After I finished labeling the 1000-song training dataset, I was really tempted to do some exploratory analysis and plotted the number of happy and sad songs over the years. I found the results really interesting: Although there is a large bias towards more recent releases in the Million Song Dataset, there seems to bea trend: Unfortunately, music seems to become sadder over the years.

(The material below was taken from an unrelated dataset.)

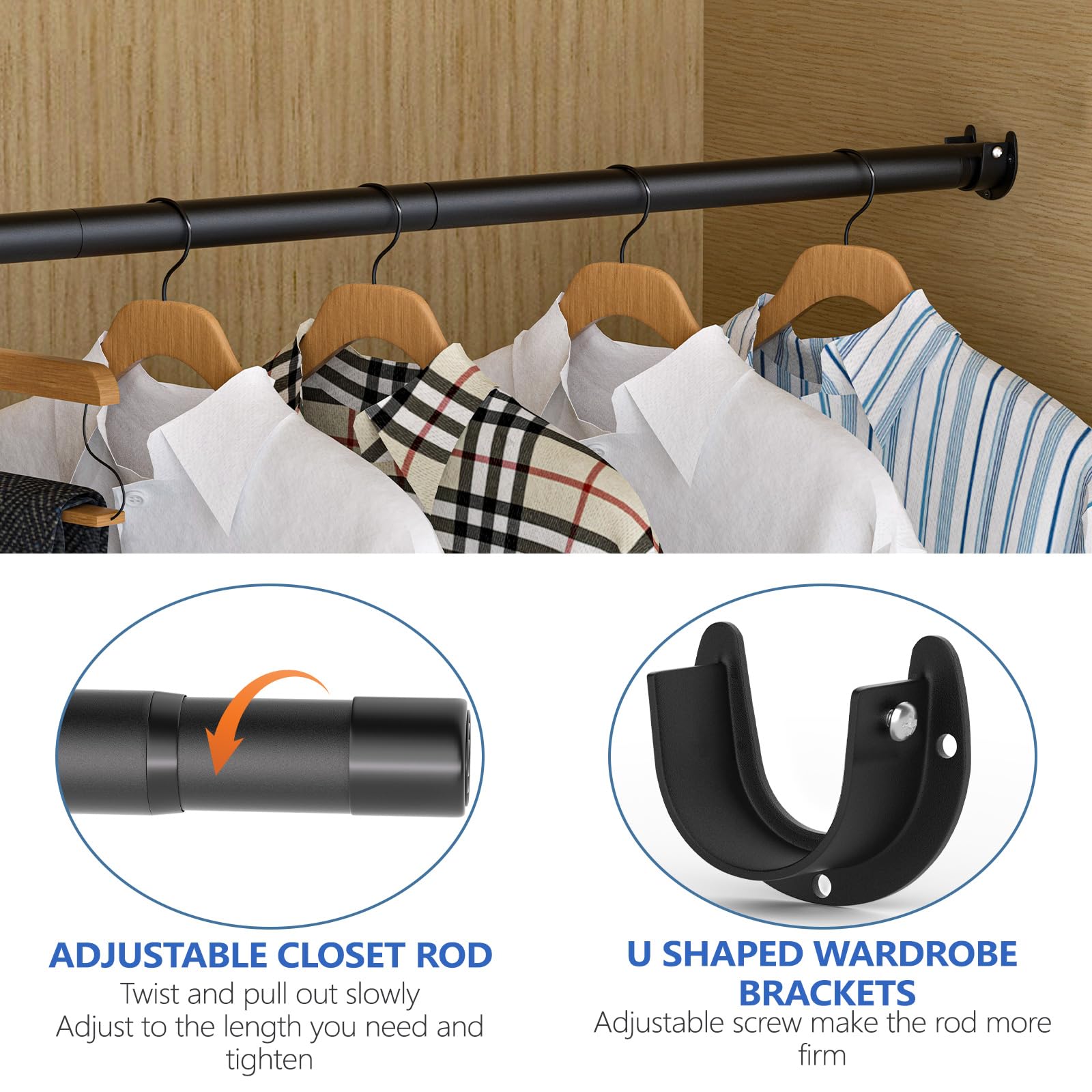 - Flexible & Reliable Closet Rods: You can mount the clothing rod at any height, perfect for lowering clothes to a height within reach of shorter people or those with mobility issues. The hanging rod has a thicker diameter, so you don't have to worry about heavy clothes sagging in the middle of the hanging. Effectively saves closet space, easy to arrange your closet in a more organized way.

Model Selection and Training


As I mentioned in the introduction, one reason why I focused on naive Bayes classification for this project was to have an application for the previous Naive Bayes and Text Classification I – Introduction and Theory article. However, since I was also planning to create a small web app, I wanted to have a computationally efficient classifier. Some of the advantages of naive Bayes models are that they are pretty efficient to train in the batch-learning mode while they are also very compatible to on-line learning (i.e., updates on-the fly when new labeled data arrives). By the way, the predictive performance of naive Bayes classifiers is actually not too bad in context of text categorization. Studies showed that naive Bayes models tend to perform well given small sample sizes [1] and they are successfully being used for similar binary text classification tasks such as e-mail spam detection [2]. Other empirical studies have also shown that the performance of naive Bayes classifier for text categorization is comparable to support vector machines [3][4].
[1] P. Domingos and M. Pazzani. On the optimality of the simple bayesian classifier under zero-one loss. Machine learning, 29(2-3):103–130, 1997.
[2] M. Sahami, S. Dumais, D. Heckerman, and E. Horvitz. A bayesian approach to filtering junk e-mail. In Learning for Text Categorization: Papers from the 1998 workshop, volume 62, pages 98–105, 1998.
[3] S. Hassan, M. Rafi, and M. S. Shaikh. Comparing svm and naive bayes classifiers for text categorization with wikitology as knowledge enrichment. In Multitopic Conference (INMIC), 2011 IEEE 14th International, pages 31–34. IEEE, 2011.
[4] A. Go, R. Bhayani, and L. Huang. Twitter sentiment classification using distant supervision. CS224N Project Report, Stanford, pages 1–12, 2009.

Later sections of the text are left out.